(Extracted data entries)

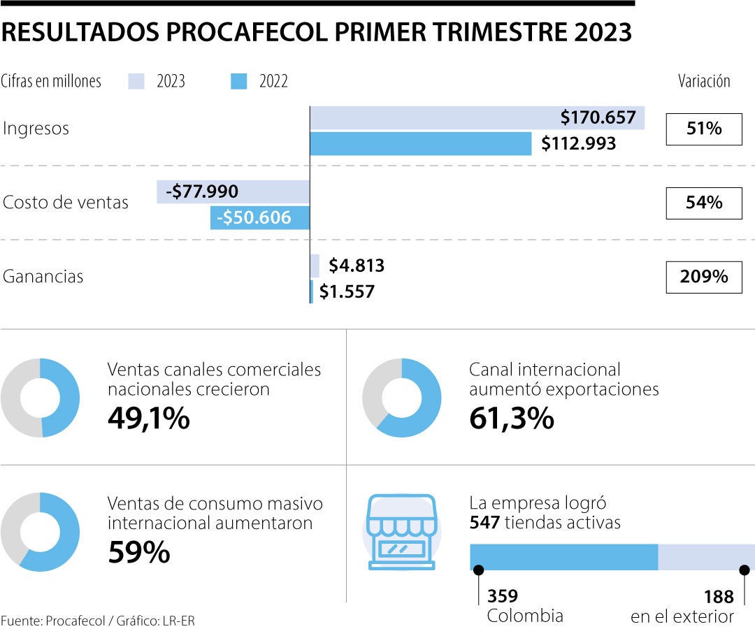 Según la empresa un buen impulso vino del alza de 41,9% de las ventas, tanto en precios como en cantidad, en canales comerciales nacionales de producto. A esto se sumó la buena dinámica en las tiendas de café, donde son líderes con 547 locales (359 en Colombia). Acá Procafecol explicó que la venta creció soportada no solo en precios, sino en número de transacciones.
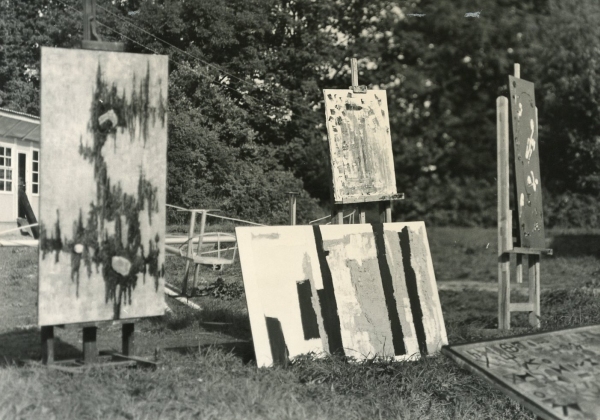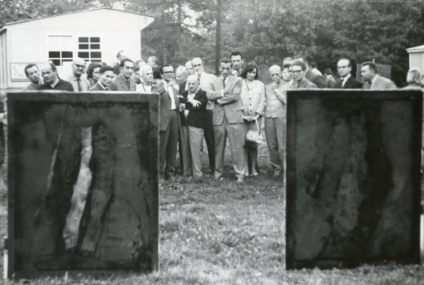 The Osieki events inverted the situation familiar from traditional plein-air painting workshops drawing on the 19th-century tradition of painting pictures in nature and exhibited indoors; the meeting participants created their works indoors in studios and exhibited them outside. Julian Przyboś, who visited the plein-air workshop in 1964, wrote: “We are not painting a landscape, but since what we are painting will be shown in the open air, let us paint not a landscape, for that is already there, but for this landscape.” (Plein-air, Życie Warszawy, no. 251, 18/19 October 1964). The way in which the paintings were exhibited at the first Plein Airs helped to blur the boundary between the object and its surroundings, foreshadowing the spatial experiments that were fully manifested in Osieki in 1965. The active factor thus wove its way into the works and activities right from the first Osieki event, growing in strength and immediacy from year to year. An object presented in a natural setting gained causality and relationality, reflecting the climate of artistic exploration at the time on the eve of the heyday of happenings, environment and performance. The documentation reveals the exhibited images’ action potentiality and the forging of a formula for a modern post-exhibition.
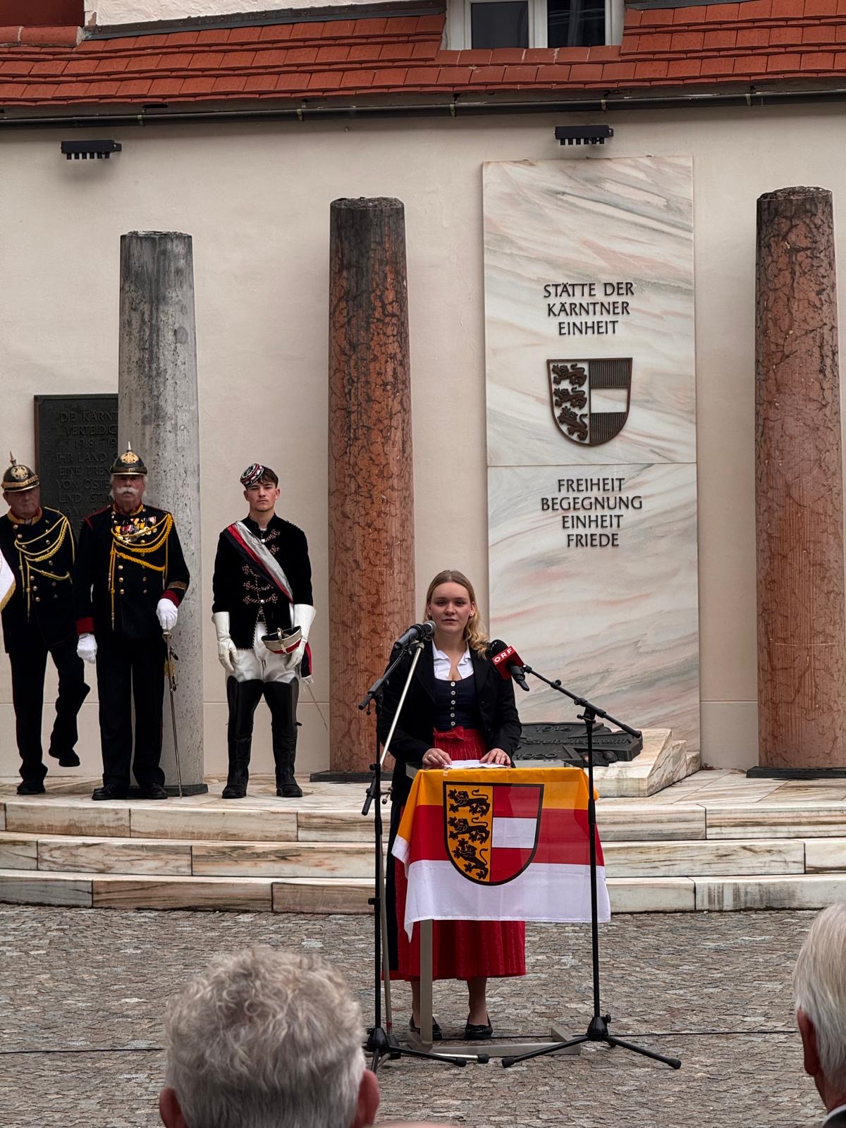 Nach den Grußworten von KHD – Obmann Andreas Mölzer, der auch kritische Worte zum Gedenkjahr 2025 fand, und des Obmannes des Kanaltaler Kulturvereins Karl-Heinz Moschitz bildete die Jugendrede der Villacher Schülerin Helena Wallner einen ersten Höhepunkt der Veranstaltung. Sie zeichnete die Vision eines freien und sicheren Kärntner Heimatlandes für die Jugend.
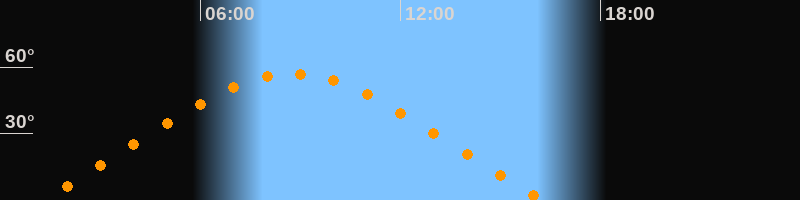 | Höchster Stand (Kulmination) | 08:46 Uhr (h = 57°) |
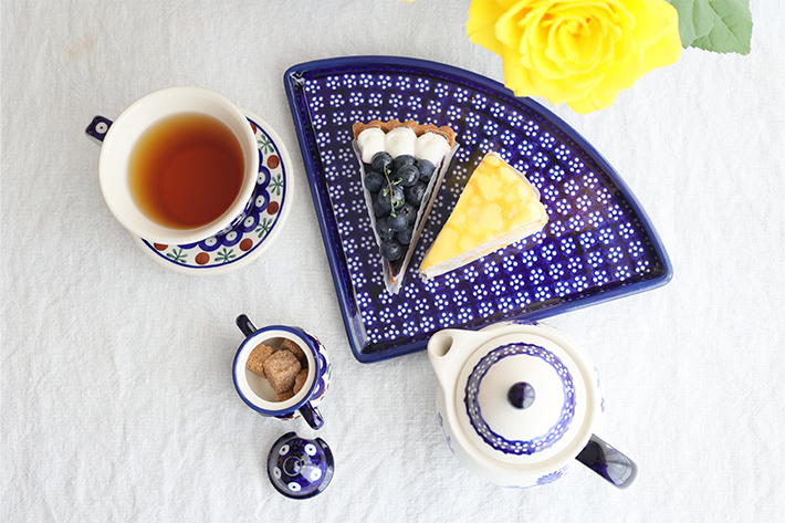 Lサイズ(35cm前後)のピザが1/4乗せられる、というユニークなフォルムが楽しいプレート。宅配ピザの取り分け用には勿論、4枚使って大きな円を描くような使い方や、扇形をイメージして和食に使うなど、アイデア次第でとても素敵なテーブルを演出できる優れもの。フラットなプレートで重ねやすいことも特長です。
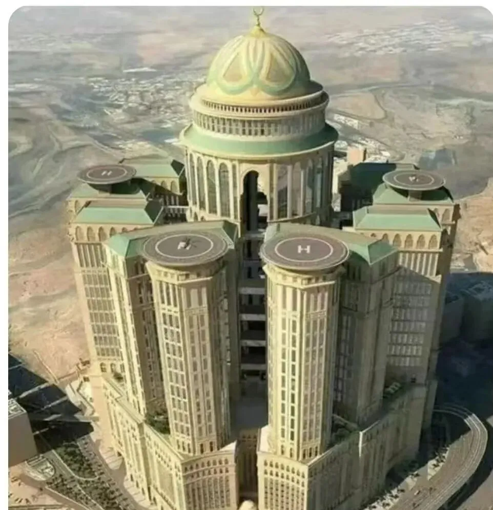 这栋庞然楼叫世界级大酒店,楼顶一圈停机坪像硬币,中央穹顶金绿相间,立面密密麻麻都是窗格,光看体量就知道能吞下多少旅客,以前出门住招待所打一盆水,现在酒店从电梯到房卡全是智能化,住一晚像住进个微型城市。

▸ Task details:
Reproduce, word for word, only the lines in the records above from the line with "Nach den Grußworten" through the line with "Lサイズ(35cm前後)のピ", including both ends; omit the pictures.

▸ Result of the task:
 Nach den Grußworten von KHD – Obmann Andreas Mölzer, der auch kritische Worte zum Gedenkjahr 2025 fand, und des Obmannes des Kanaltaler Kulturvereins Karl-Heinz Moschitz bildete die Jugendrede der Villacher Schülerin Helena Wallner einen ersten Höhepunkt der Veranstaltung. Sie zeichnete die Vision eines freien und sicheren Kärntner Heimatlandes für die Jugend.
 | Höchster Stand (Kulmination) | 08:46 Uhr (h = 57°) |
 Lサイズ(35cm前後)のピザが1/4乗せられる、というユニークなフォルムが楽しいプレート。宅配ピザの取り分け用には勿論、4枚使って大きな円を描くような使い方や、扇形をイメージして和食に使うなど、アイデア次第でとても素敵なテーブルを演出できる優れもの。フラットなプレートで重ねやすいことも特長です。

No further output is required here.